They introduced the decision-making method because it seemed to them a good fit with the larger movement yearning for inclusive and truly democratic forms of decision-making, as well as with the philosophy of nonviolence, in which one tries to understand the heart and motivation of one’s opponent. “Under consensus, the group takes no action that is not consented to by all group members,” explained a Clamshell action manual, using italics to underscore the point: everyone’s voice would matter.

The process quickly spread among those segments of the activist left that embraced direct action as central to their strategy. Some called it “feminist process,” for it seemed to embody feminist ideals of participation, inclusion, and egalitarianism. Rice recalled, “[People] had no idea that Clamshell would be the prototype for all the other groups that took off from there, they had no inkling of that.”

But by the end of the 1980s, the Clamshell model — fusing consensus decision-making, affinity groups, and a coordinating spokecouncil — was firmly established as the prevailing structure for grassroots direct action organizing in the United States.

But while Rice and Boardman were careful to exclude any explicit theology from their trainings on consensus, something of its religious origin adhered to the process nonetheless — including a deep faith in its rightness, a certain piety in its implementation, and a tendency to treat claims about consensus as foundational truths.

A 1987 handbook produced by two founding members of Food Not Bombs, C.T. Lawrence Butler and Amy Rothstein, On Conflict and Consensus, codified the many assertions made on its behalf, central among which was the declaration that “Formal Consensus is the most democratic decisionmaking process.”

This statement of faith, presented as a statement of fact, could be heard in nearly every movement that adopted the process over the ensuing years. The conviction that consensus would produce more democratic outcomes than any other method was repeated like a catechism. “The goal of consensus,” the handbook continued, “is not the selection of several options, but the development of one decision which is the best for the whole group. It is synthesis and evolution, not competition and attrition.”

In practice, the process often worked well in small-group settings, including within the affinity groups that often formed the building blocks for large actions. At the scale of a significant mobilization, though, the process was fraught with difficulty from the start.

At the 1977 Seabrook blockade, where consensus was first employed in a large-scale action setting, the spokescouncil spent nearly all the time before being ordered to leave the site, bogged down in lengthy discussions of minor issues. A similar dynamic played out in Occupy Wall Street almost a quarter century later, where the general assembly proved ill-equipped to address the day-to-day needs of the encampment.

Though On Conflict and Consensus assured organizers that “Formal Consensus is not inherently time-consuming,” experience suggested otherwise. The process favored those with the most time, as meetings tended to drag out for hours; in theory, consensus might include everyone in all deliberations, but in practice, the process greatly favored those who could devote limitless time to the movement — and made full participation difficult for those with ordinary life commitments outside of their activism.

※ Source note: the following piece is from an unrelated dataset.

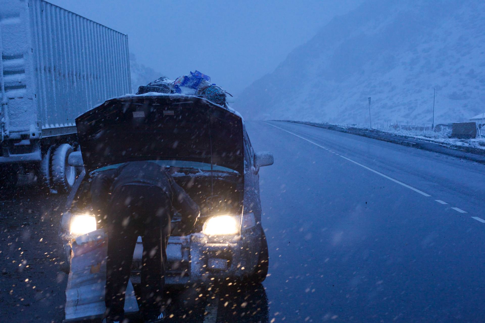 Once we have passed both checkpoints (and repaired a flat tire on the way) it is getting dark and the road is covered in snow. Our driver is worried. We are approaching the final pass behind Sary Tash. The tires barely have enough grip. Silence in the car, night outside. Wayfaring along the Pamir Highway has made us companions in fate.

Movement after movement found, moreover, that the process tended to give great attention and weight to the concerns of a few dissenters. In the purest form of consensus, a block by one or two individuals could bring the whole group to a screeching halt.

Sometimes, that forced groups to reckon with important issues that the majority might otherwise ignore, which could indeed be powerful and transformative. But it also consistently empowered cranks, malcontents, and even provocateurs to lay claim to a group’s attention and gum up the works, even when groups adopted modifications to strict consensus that allowed super-majorities to override blocks.

Consensus can easily be derailed by those acting in bad faith. But it’s also a process that is ill-equipped to deal with disagreements that arise from competing interests rather than simple differences of opinion. The rosy idea embedded in the process that unity and agreement can always be found if a group is willing to discuss and modify a proposal sufficiently is magical thinking, divorced from the real-world rough-and-tumble of political negotiation.

Groups hold on to ingrained practices in part because they help reinforce their sense of identity. The complex liturgy of consensus process — from the specialized language and roles (“facilitators,” “vibes watchers,” “progressive stack,” and more) to the elaborate hand signals (“up-twinkles,” “down-twinkles,” and the like) — has functioned as much to signal and consolidate a sense of belonging to a certain tradition as it has to move decisions forward.

And because consensus process was marked from the start not just by its religious origins but also by its cultural ones, that tradition has been imbued with whiteness. The Clamshell Alliance was, after all, an overwhelmingly white organization, bringing together white residents of the New Hampshire seacoast with white Quakers and an array of mostly white radicals from Boston and beyond for action in a white rural region.

Few of the groups that would adopt consensus in the decades to come would be quite as starkly monochromatic as the Clam, and the use of the process is hardly sufficient to explain the reasons for racial divisions within activist communities. But time and again, activists of color found the use of consensus in majority-white direct action circles to be alienating and off-putting, and white activists’ reverent insistence on the necessity and superiority of the process has exacerbated difficulties in multiracial collaboration and alliance-building.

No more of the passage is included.